Task prompt. Keep only the lines of the data below that contain "памятника", and copy them.

Data provided.
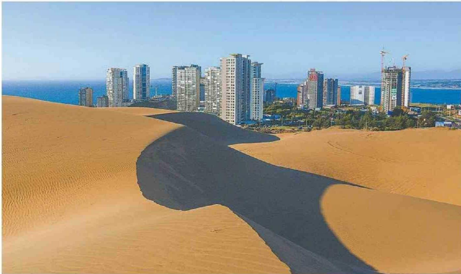
DUNAS DE CONCÓN: AL SER UN CAMPO DE DUNAS FÓSILES SON UNA GEOFORMA NATURAL EXTREMADAMENTE FRÁGIL
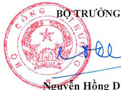
Nguyễn Hồng Diên
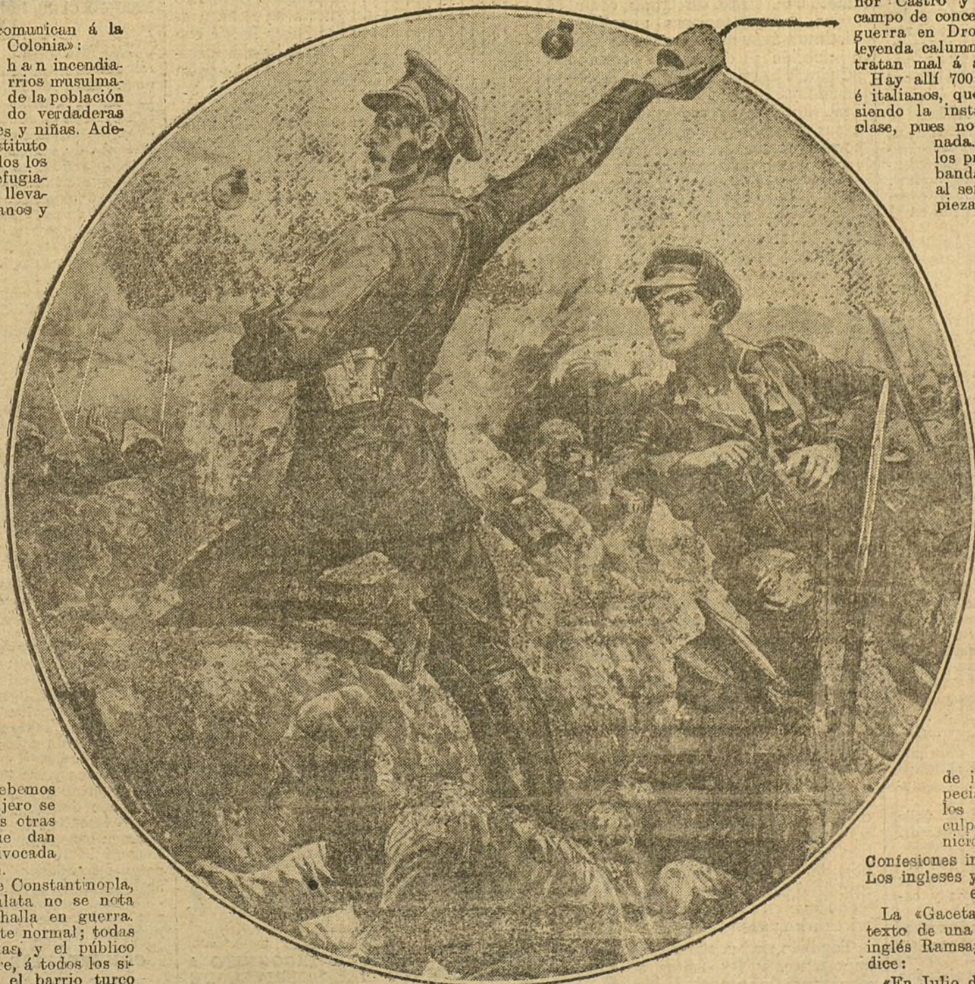
LA LUCHA EN LOS DARDANELOS.—Soldados ingleses defendiendo con bombas de mano una trinchera atacada por las fuerzas turcas en la península de Gallipoli.

«En Julio de 1914 sir Edward Grey hubiera debido tratar diplomáticamente las proposiciones alemanas. Si no lo hizo fue porque ya no estaba en libertad de apartarse de la guerra cuando ésta estallase.
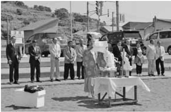
シーズン中の安全を祈願した海開き (臼谷海水浴場)

7月11日に臼谷海水浴場とおいしかツインビーチが海開きとなりました。 両海水浴場で行われた安全祈願祭には、観光協会役員のほか、町や地区の関係者が参列し、シーズン中の無事故と好天を願い、参列者一人ひとりが神前に玉ぐしを捧げました。 海開き当日には、両海水浴場に家族連れの海水浴客が訪れ、遊泳やビーチボールでの遊びを楽しんでいました。
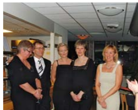
Velferdskomiteen på SOL i Bodø inviterte til åpningsseremoni.

moni på fredag kveld. Som seg hør og bør var det tale og snorklipp av avdelingsdirektør på SOL nord, Therese Hoseth Blomsø. Etterpå ble det servert tapas med følge. Stemningen var det
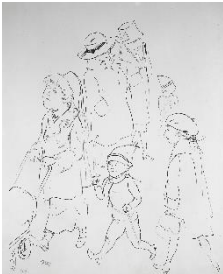
George Grosz „Berliner Straßenszene“
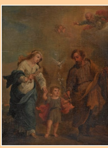
Ecole du XIX « Ste Famille » d'après Tesnier huile sur panneau 25 x 20
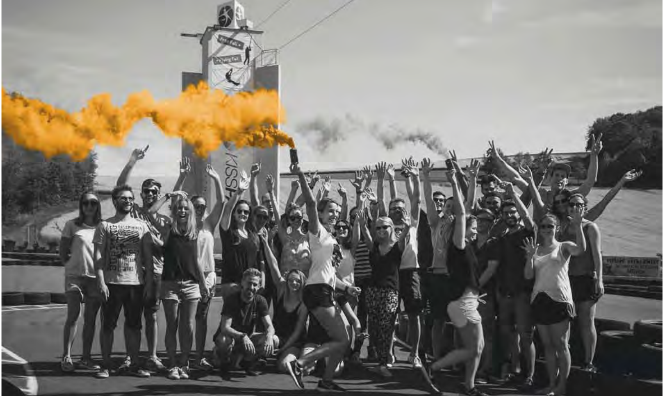
Teamevent im Kisspark in Bad Kissingen
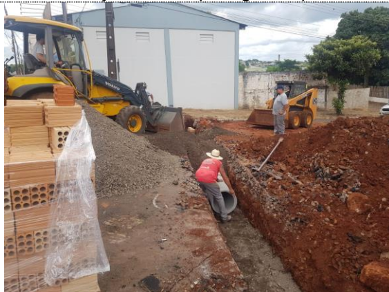
Instalação dos tubos para galeria pluvial.
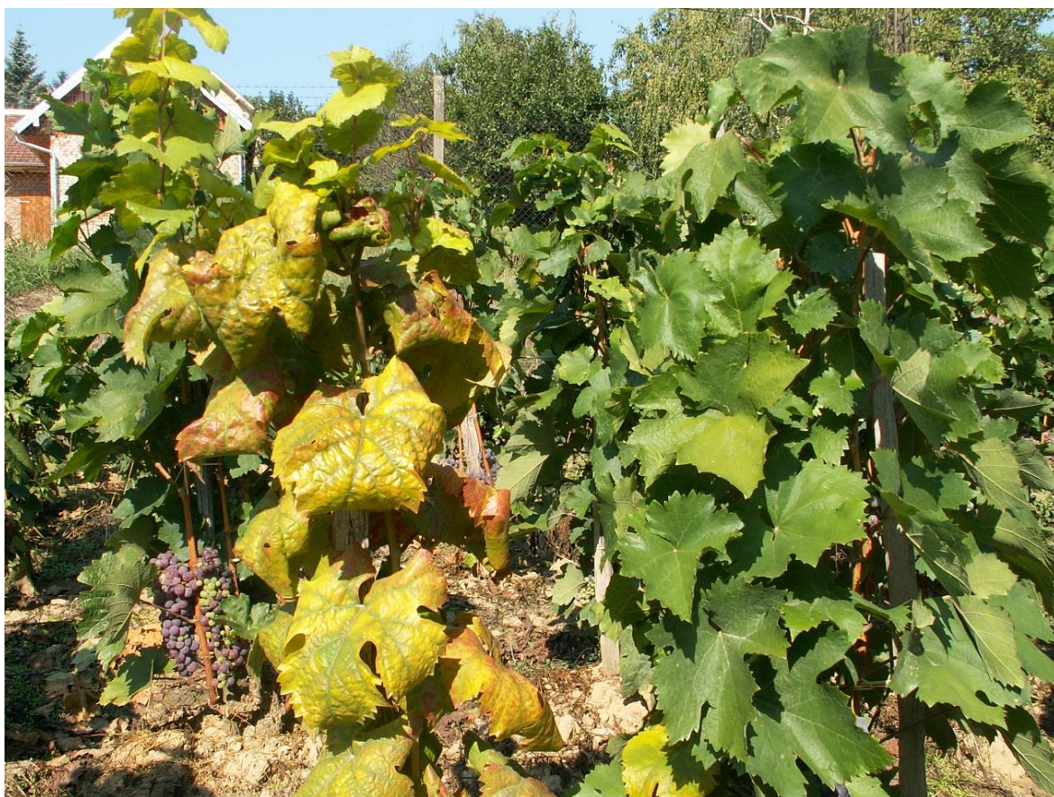
SLIKA 2. SIMPTOM ZLATASTOG ŽUTILA VINOVE LOZE
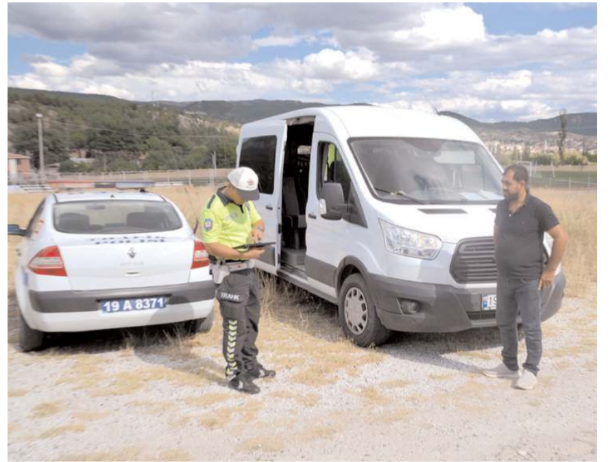
Toplantının ardından servis araçları denetlendi.
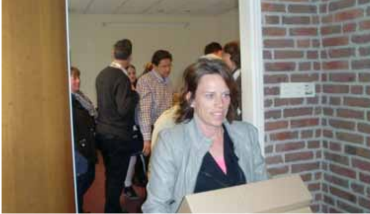
...Klaar voor de start
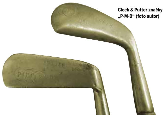
Cleek & Putter značky „P-M-B“
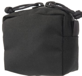
KIESZEŃ CARGO OPERATOR (MAŁA)
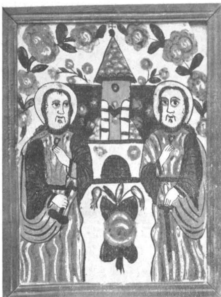
Icoană din Maramureș, sec. XIX.
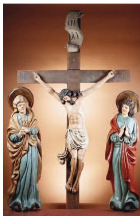
Группа Распятия (высота фигур 130 см, 18 век, Нижне-Чусовские городки).

Скульптуры страдающего Христа также восходят к западным прототипам. Под влиянием таких мистиков, как Бернард Клервоский, Бонавентура и Гертруда фон Хелфта, поклонение страданиям Христа нашло отражение в изобразительном искусстве. Голландская скульптура конца 15-го века изображает об-
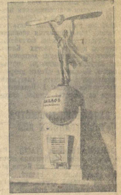
Проект памятника под девизом «Звезда Высокова».

Этот далеко не полный перечень работ, конечно, не охватывает всего разнообразия выставок. На ней представлено также несколько детских работ. Дети, как всегда, не остались равнодушными к такому большому делу и участвуют в конкурсе доступными им средствами. Имеются и просто письменные предложения об идее памятника.
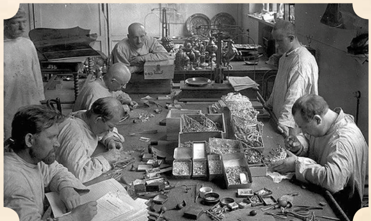
Мастера Гохрана за работой
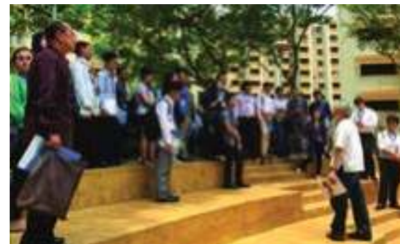
ການໂຕ້ວາທີ AICHR ກ່ຽວກັບ ສິດທິມະນຸດ, 5-6 ກັນຍາ 2015, ສິງກະໂປ

Answer to this task.
Проект памятника под девизом «Звезда Высокова».
Этот далеко не полный перечень работ, конечно, не охватывает всего разнообразия выставок. На ней представлено также несколько детских работ. Дети, как всегда, не остались равнодушными к такому большому делу и участвуют в конкурсе доступными им средствами. Имеются и просто письменные предложения об идее памятника.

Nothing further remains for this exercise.